A statistician working for Guiness, who published under the pseudonym “Student”, showed that this scale mixture has a convenient closed form.

\[ \frac{\bar{Y} - \mu}{s/\sqrt{n}} \sim t_{n-1} \quad \Leftrightarrow \quad \bar{Y} \sim t_{n-1}(\mu, s^2/n). \]

hist(rnorm(1000, 12, sqrt(sigma2/81)), freq=FALSE, main="scale mixture", xlab="y-bar")
sdybar <- sqrt(var(sap.y)/81)
lines(ybar, dt(((ybar-12)/sdybar), 80)/sdybar, col=2, lwd=2, lty=2)
legend("topright", "Student-t", col=2, lty=2, lwd=2)

CI with unknown variance

Returning to our Monte Carlo experiment:

qt95 <- qt(0.975, 30-1)
s <- apply(ys, 1, sd)
ybar.tse <- s/sqrt(30)
CIs <- cbind(ybars - qt95*ybar.tse, ybars + qt95*ybar.tse)
inside <- which(5 > CIs[,1] & 5 < CIs[,2])
length(inside)/nrow(CIs)
## [1] 0.942

Returning to our SAP ROE example, but now abandoning our \(\sigma^2 = 25^2\) assumption, we obtain the following CI.

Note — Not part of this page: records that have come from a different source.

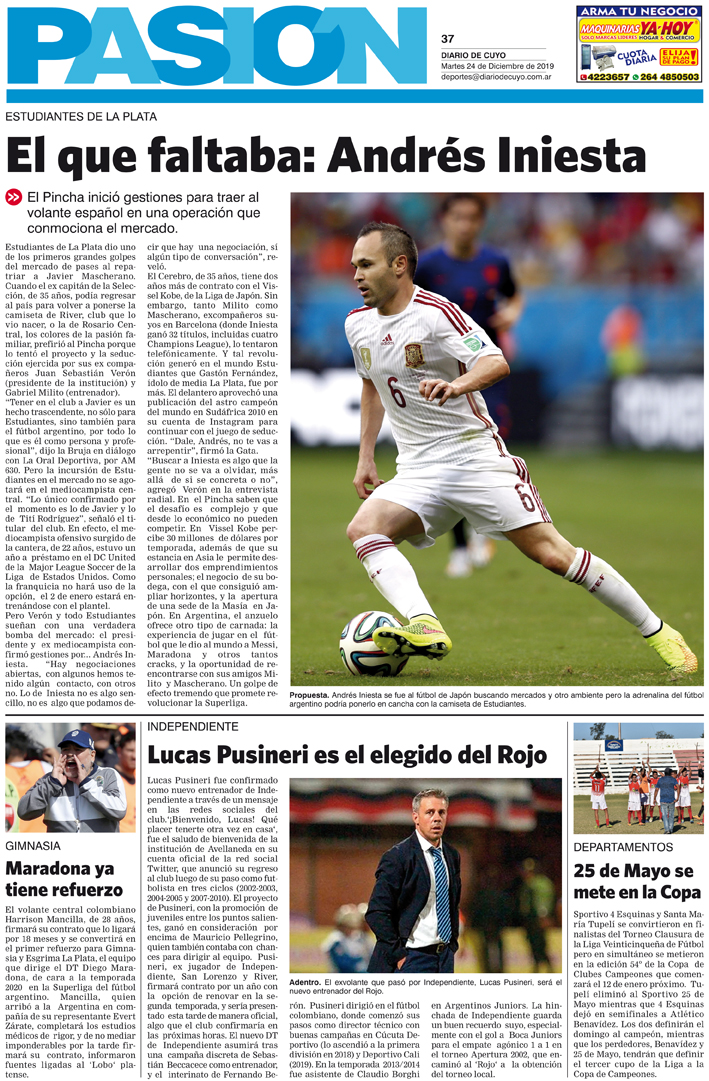 Diario de Cuyo | HOME | Noticias | Tapa Pasión Tapa Pasión 24 de Diciembre de 2019 Por Redacción Diario de Cuyo 23/12/2019 · 0:00 Escuchar la noticia Escuchar la noticia Your browser doesn’t support HTML5 audio Tapa Pasión Ver los comentarios ›
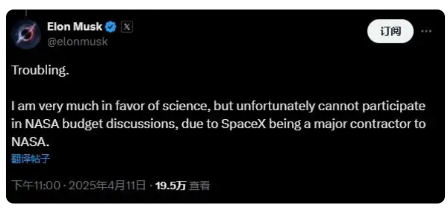 如果説關税戰上的意見相左屬於馬斯克這個精英資本家無論從觀念還是利益上都和MAGA尿不到一上壼裏,那最近馬斯克對NASA預算案中大量關於氣象和深空探測有關的項目被砍表達遺憾這事,實際上鍋還是他自己弄出來的。
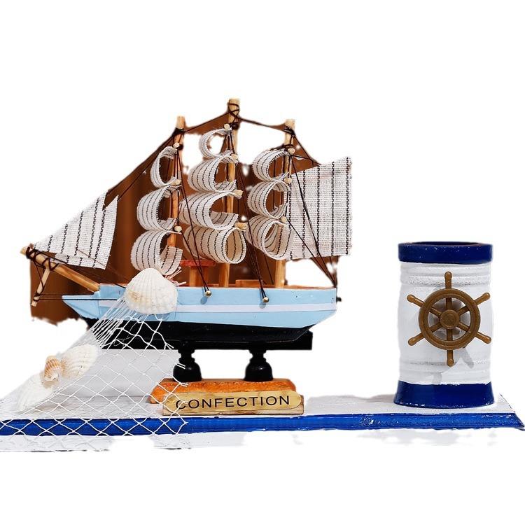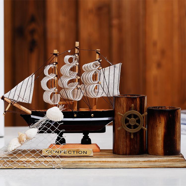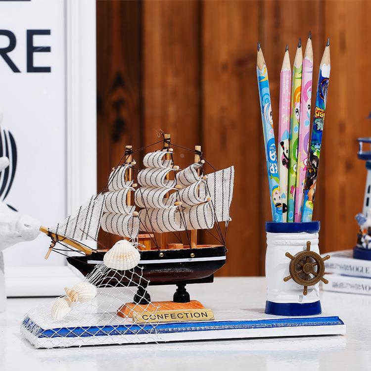 地中海帆船模型笔筒 一帆风顺办公装饰品 创意木质工艺品桌面摆件
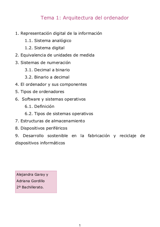 Nuestra primera tarea del curso consistió en redactar, a partir de un índice que nos proporcionaron, un tema a cerca de la arquitectura del ordenador.
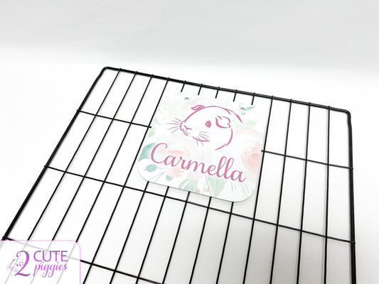 Guinea Pig Name Tag - GP Face Outline with Roses - 5.5"x5.5"
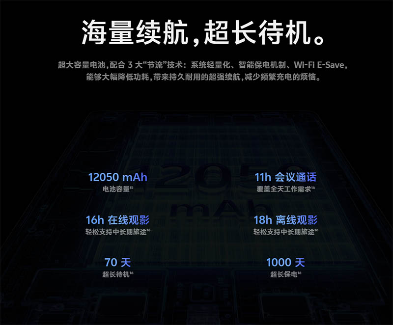 ▼バッテリー容量は12,050mAh、66W(FlashCharge)の急速充電にも対応しています。16時間の連続オンライン動画視聴が可能とのこと。↓
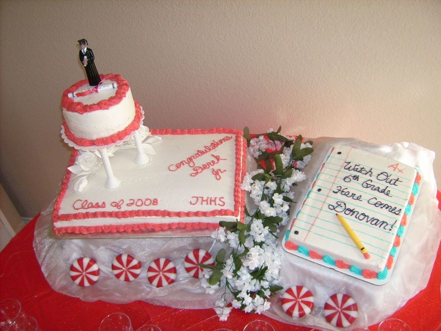 Two cakes done for my sons. One graduating from high school and the other from 5th grade. The "notebook paper" cake was white w/ buttercream icing. The tiered cake bottom was white, tier was chocolate both iced in buttercream.
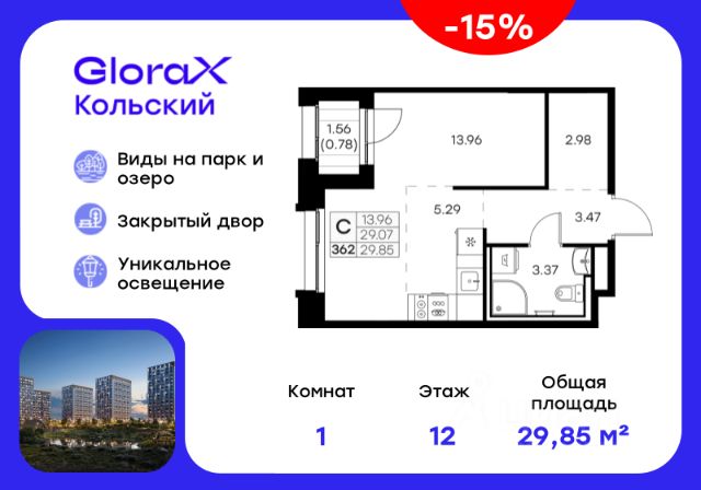 Продается квартира-студия на 12-м этаже в проекте бизнес-класса GloraX Кольский. Общая площадь лота составляет 29,30 кв. м, из которых 14,84 кв. м отведено под жилую и 5,94 кв. м под кухонную зону. Номер квартиры - 368. Старт продаж! Преимущества квартиры: зонируемая студия. - Масштабный проект комфорт-класса в зеленой локации - Лаконичная современная архитектура - Закрытая территория с видеонаблюдением - Квартиры с евро-планировками - Система "Умный дом" - IP-видеонаблюдение, free Wi-fi на территории - Детские разновозрастные площадки - Парк и озеро рядом с домом - Комьюнити-центр для жильцов GloraX Кольский — новая точка притяжения на карте Мурманска. Проект, который рожден на границе городского и природного, современного и вечного, уюта и великой северной силы. Мы создаем совершенно новое пространство для жизни: с видом на Варничное озеро, вблизи Долины Уюта, среди ландшафтов, в которых слышен голос Севера. Отсюда всего 10 минут на транспорте до центра города. Рядом — школы и детские сады, поликлиника, фитнес-центры и торговые комплексы. Поблизости — крупнейшие спортивные объекты Мурманска: легкоатлетический манеж, ледовая арена, горнолыжный склон и маршруты для скандинавской ходьбы. Мы проектировали дома, опираясь не только на эстетику, но и на климат, свет, направление ветра и рельеф. Это архитектура, которая не спорит с ландшафтом, а продолжает его сдержанно, точно и со вкусом. Фасады лаконичны, но выразительны. Материалы выбраны с учетом суровых условий Заполярья: устойчивые к ветру, снегу, перепадам температур. Но при всей практичности они не теряют визуальной легкости. Дом здесь словно вписан в северную линию горизонта — сдержанную, но бесконечно живую. Концепция благоустройства построена на идее "светового компаса": динамичная подсветка реагирует на смену суток и сезонов. Утром она бодрит, вечером — успокаивает, зимой создает акценты, имитируя северное сияние. Функциональность поддержана геопластикой: детские и спортивные площадки расположены на разных уровнях, словно террасы, спускающиеся к парку. Каждая из них спроектирована с учетом возраста, сценария и рельефа. Здесь есть зоны для малышей, подростков, воркаут-комплексы, настольный теннис, места для йоги и тихого отдыха. А в зимние месяцы склоны превращаются в естественные тюбинговые трассы. Но главное — парк. Долина Уюта — это не "рекреационная зона рядом". Это часть жизни, открытая с утра до вечера. Здесь бегают, выгуливают собак, катаются на лыжах и устраивают праздники. Проект вобрал лучшее из многолетнего опыта компании GloraX: лаконичная современная архитектура, закрытые дворы, продуманные сценарии освещения, вдохновленные полярными сутками, экологичный ландшафт и умный подход к комфорту. GloraX Кольский — для тех, кто влюблен в Север. И для тех, кто готов в него влюбиться. Цена указана при 100% оплате или стандартной ипотеке. Узнайте подробности в Отделе продаж.
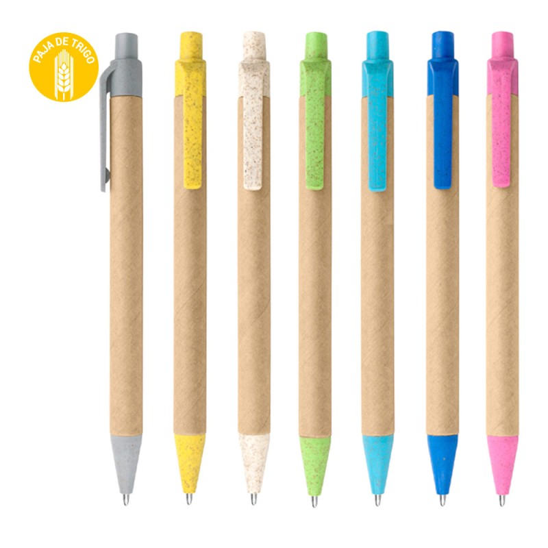 Bolígrafo ecológico con sistema retráctil. Paja de trigo en la parte superior e inferior (Bolígrafo/Esfero)
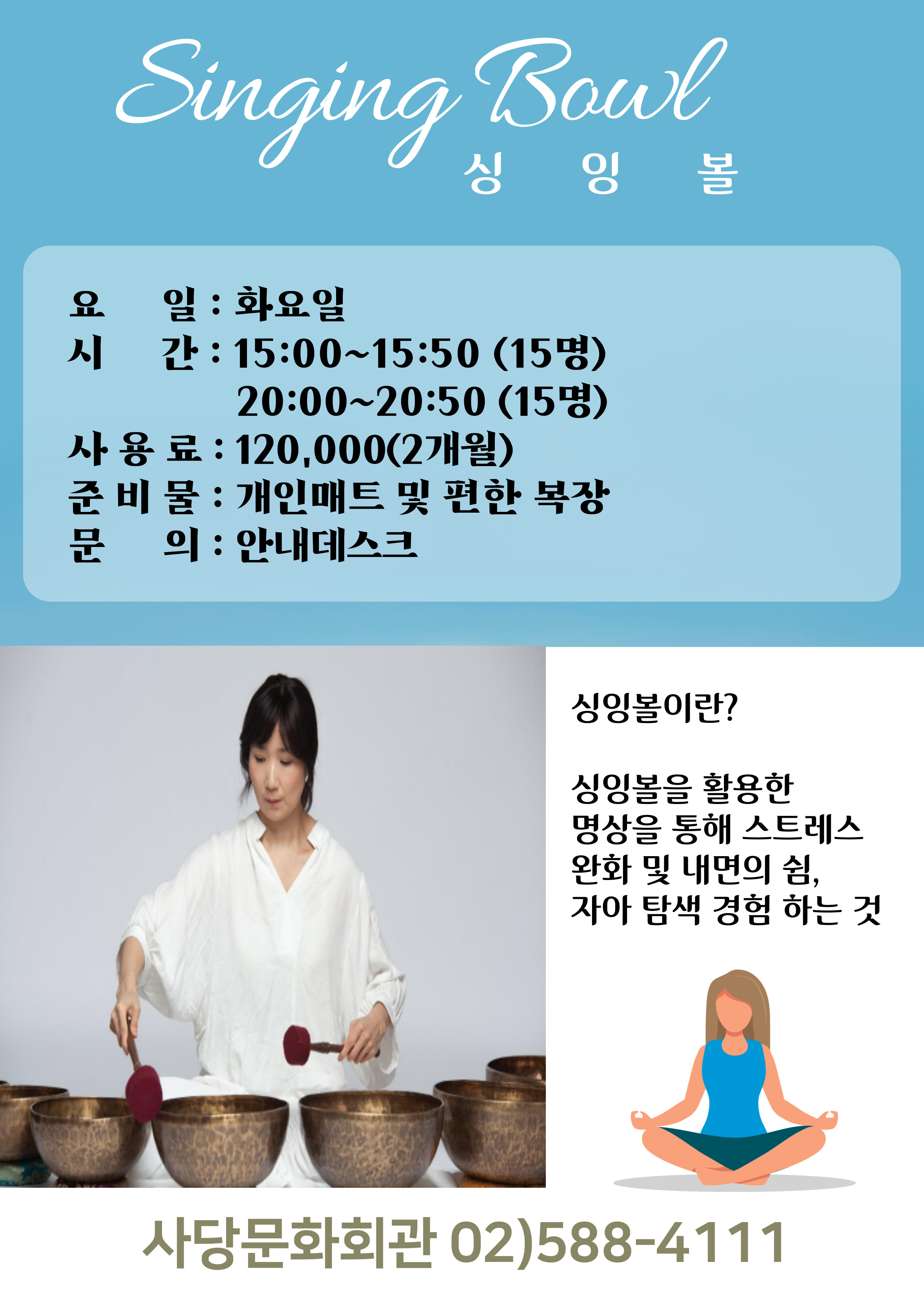 사당문화회관 사당문화회관 싱잉볼 회원모집 안내 작성자 동작구민체육센터 작성일 2024년 6월 24일 14시 54분 8초 조회 642 싱잉볼(정규).jpg [ Size : 790.48KB , Down : 321 ] 미리보기 다운로드 목록보기
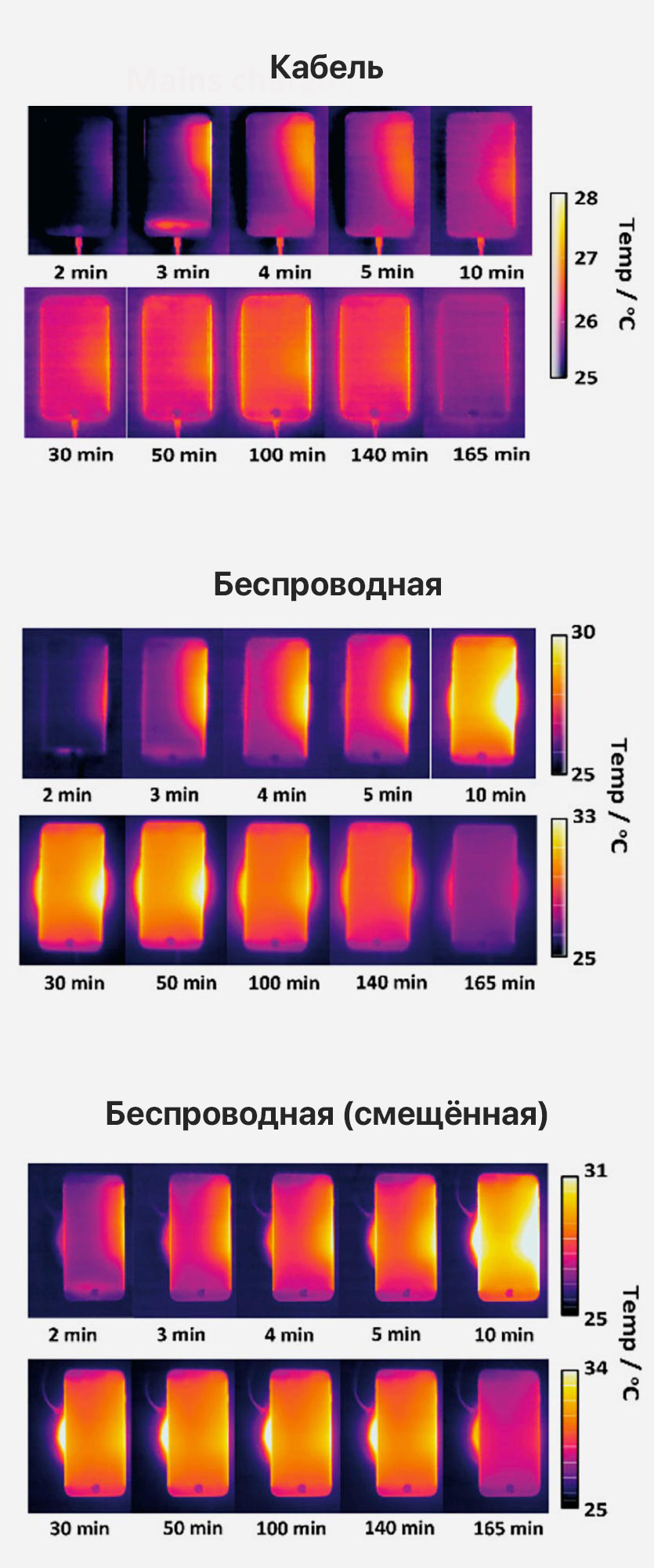 Если в этот момент к спинке смартфона прислонить работающую индуктивную катушку, температура закономерно растёт ещё сильнее.

sap.se <- sd(nucleus$ROE)/sqrt(n)
qt95 <- qt(0.975, n-1)
sap.ybar + c(-1,1)*qt95*sap.se
## [1]  6.963478 18.310596

Wider than what we had before.

sap.ybar + c(-1,1)*q95*25/sqrt(n)
## [1]  7.192693 18.081381

R provides a simple command to calculate a CI, which gives the same result.

rbind(sap.ybar + c(-1,1)*qt95*sap.se,
    confint(lm(nucleus$ROE~1)))
##                2.5 %  97.5 %
##             6.963478 18.3106
## (Intercept) 6.963478 18.3106

Actually, we are asking R to fit an ordinary least squares regression (a linear model, or lm) with an intercept only.